--- What is required ---
From the first line of the material through the line that holds "Adesivo Redondo Happy", repeat each line exactly and skip any picture.

--- Data extracts ---
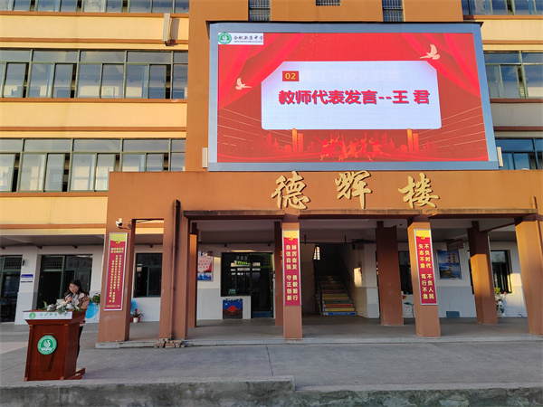 王君老师代表全体教师发言,对学生们接下来的学习生活提出几点建议:充分利用时间;抓住各学科特点来提高课堂效率;注重积累、反思和总结;端正良好的学习态度。
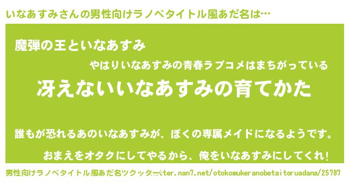 | 欧米人風あだ名 | 『いなあすみ・ステッグマイヤー』 |
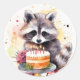 Adesivo Redondo Happy Raccoon com bolo de aniversário
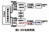 頻率信號產(chǎn)生電路在FPGA中頻率控制模塊的控制下,產(chǎn)生高精度正弦主振信號和本振信號,分別用于光調(diào)制和混頻。此電路產(chǎn)生的信號要求頻率可調(diào),且具有高的頻率穩(wěn)定性和低的相位噪聲,相位抖動小,以保證最終的測量精度。
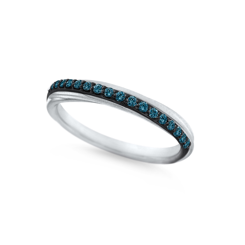 Beautiful blue diamonds set in white gold add just the right amount of color to your collection of diamond band stack rings.
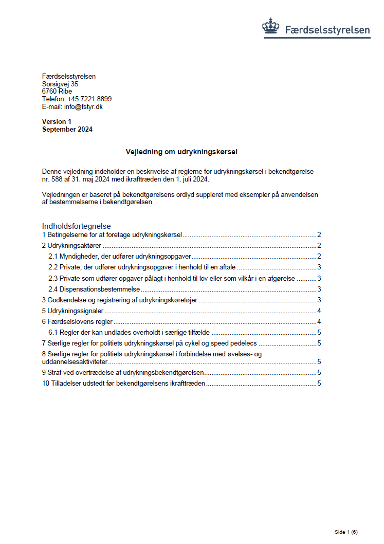 Denne vejledning indeholder en beskrivelse af reglerne for udrykningskørsel i bekendtgørelse nr. 588 af 31. maj 2024 med ikrafttræden den 1. juli 2024.
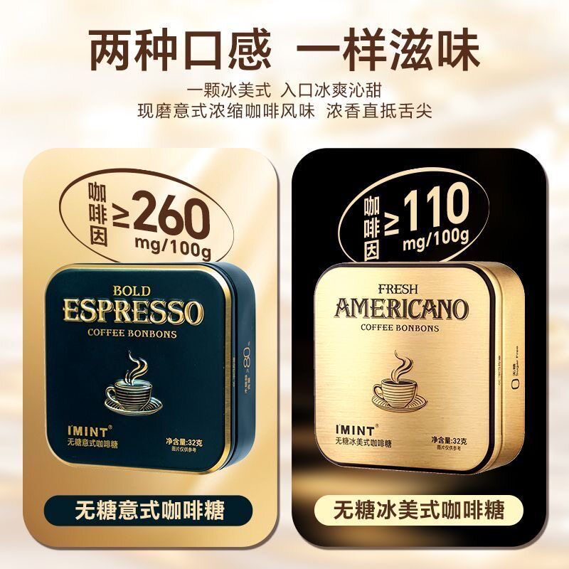 imint无糖冰美式 咖啡糖浓香犯困清凉木糖醇黑金特浓咖啡糖果 意式由
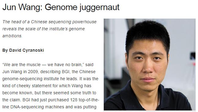 2012年,《自然》雜志報(bào)道王俊的特稿截圖。
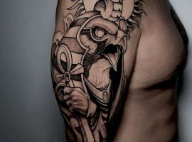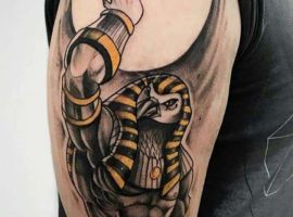 Чаще татуировку с этим древним божеством выбирают именно мужчины. Этот символ означает мужественность, силу. И, конечно, речь тут идет не только о физических аспектах, но и о духовных. Возможно, тату станет отличным вариантом для человека, который хотел бы прийти к власти, который хотел бы добиться успехов своей эрудицией и умом. В таком случае упор больше делается на выражение «сущности фараона». В то же время татуировка Ра в образе сокола указывает на стремительность, активность, желание добиваться самых сложных и неосуществимых целей.
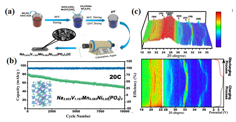 圖1 Na3.833V1.167Mn0.583Ni0.25(PO4)3/C正極的(a)制備流程圖,(b)在20C電流密度下的大電流長循環(huán)測(cè)試和(c)在初始充放電過程中進(jìn)行的原位XRD測(cè)試。
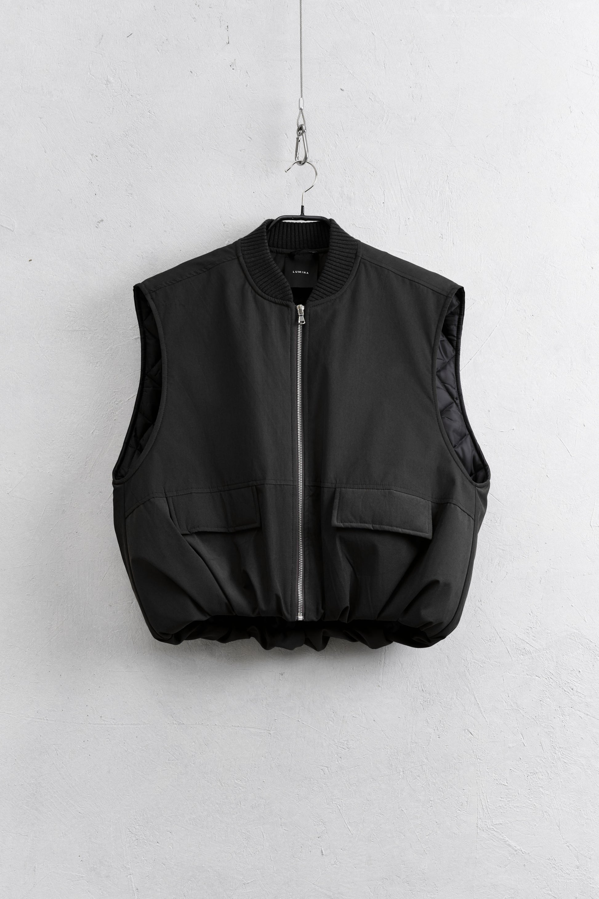 Colete acolchoado. Ligeiramente crop top. Possui bolsos frontais. Fecho frontal com fecho de correr. Corte regular, disponível em tamanho único.
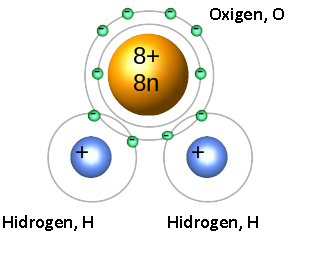 Modelo fictício da molécula de água. Em https://commons.wikimedia.org/w/index.php?curid=79468575
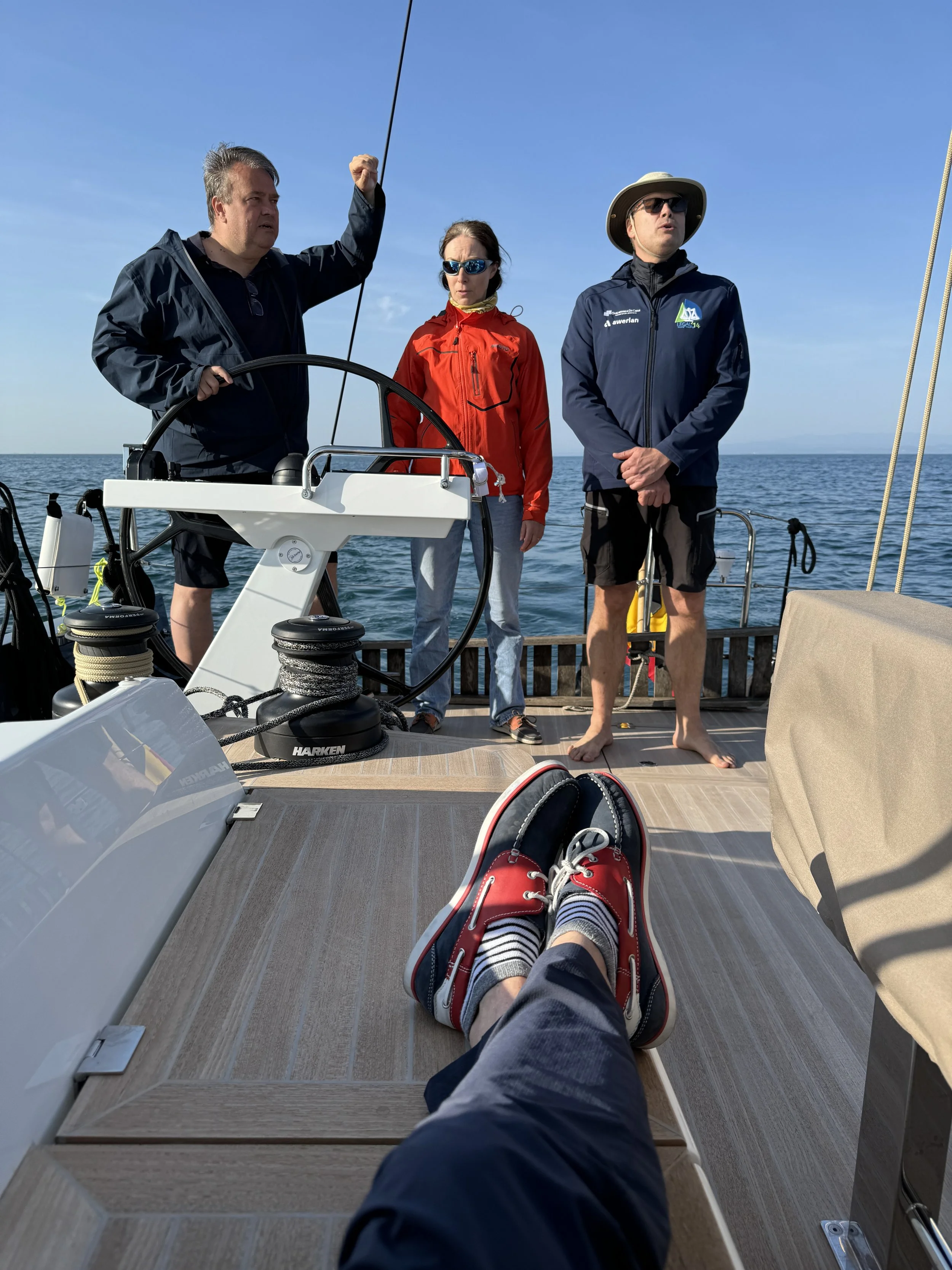 Na overleg met Solaris wordt beslist de voormiddag te gebruiken om de zeilen nogmaals te testen. Vooral het oprollen van het grootzeil, wat tijdens de eerste tests de nodige problemen gaf, en de helix genakker, die we tot op heden nog niet hebben kunnen uitproberen. Zo krijgen ook Daphne en Michael de werking uitgelegd uit eerste hand.

--- Task answer ---
 王君老师代表全体教师发言,对学生们接下来的学习生活提出几点建议:充分利用时间;抓住各学科特点来提高课堂效率;注重积累、反思和总结;端正良好的学习态度。
 | 欧米人風あだ名 | 『いなあすみ・ステッグマイヤー』 |
 Adesivo Redondo Happy Raccoon com bolo de aniversário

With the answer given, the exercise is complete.